DM: Tell us a little about your background and what got you started as a writer.
DCL: I trained first as a scholar, with a Ph.D. in English from the University of Virginia. I later realized that my true passion was creative writing, and I went back and got a low-residency MFA in Creative Writing at the Solstice Program. I was writing primarily poetry and nonfiction until I stumbled upon the Wofford story, which I felt needed to be written as fiction in order to bring the story alive.
DM: What are you working on next?
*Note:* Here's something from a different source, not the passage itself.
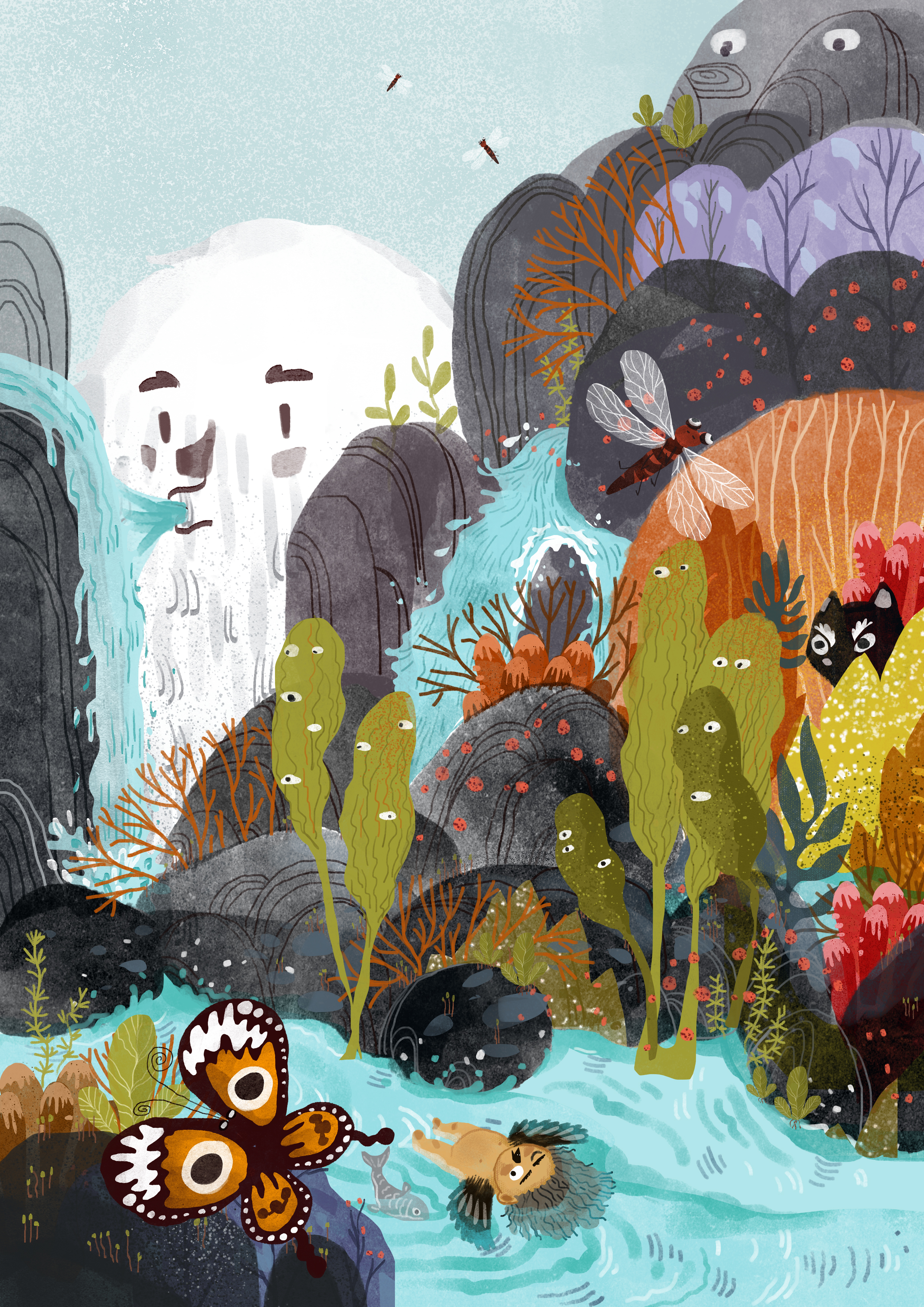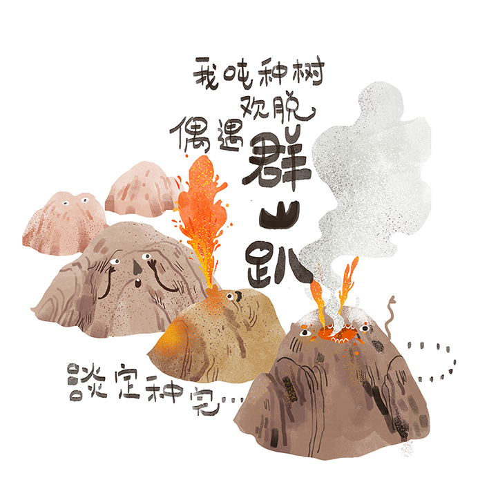 张弘蕾:我好像没有什么特别高明的手法,只是觉得山体、草木都是如精灵一般存在着的,它们会呼吸而且有思想。所以我为了更强调这部分,给他们加上了可爱的五官,并且让他们有许多互动行为。
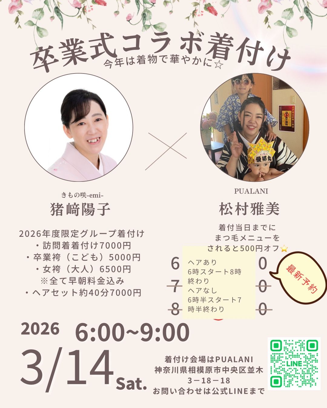 相模原市中央区並木のサロンPUALANIさんとコラボで訪問着や卒業袴の合同着付けをさせていただきます。

Might you write a sequel to Wofford’s Blood?
DCL: Yes, I am working on a sequel entitled Wofford’s Nation, which follows J.D. Wofford through the 1820s and 1830s, when he is helping to build the Cherokee Nation here in the east, and then fighting against the pressure for Removal. In the third book, I will follow him on the Trail of Tears. I’d also like to write a fourth book on the Civil War era, during which Cherokee, white and Black Woffords fought on different sides and sometimes even fought each other.
DM: What question do you wish interviewers would ask you?
DCL: I’d like to be asked if I meant for the land itself to be a character in the book, because the answer is yes. I really wanted to recreate what the landscape of Southern Appalachia looked like in the early 1800s and to convey how sacred it was to the Cherokee people. The book is, in a way, an elegy to a landscape and a culture that has been erased in north Georgia, although it lives on in Oklahoma and North Carolina.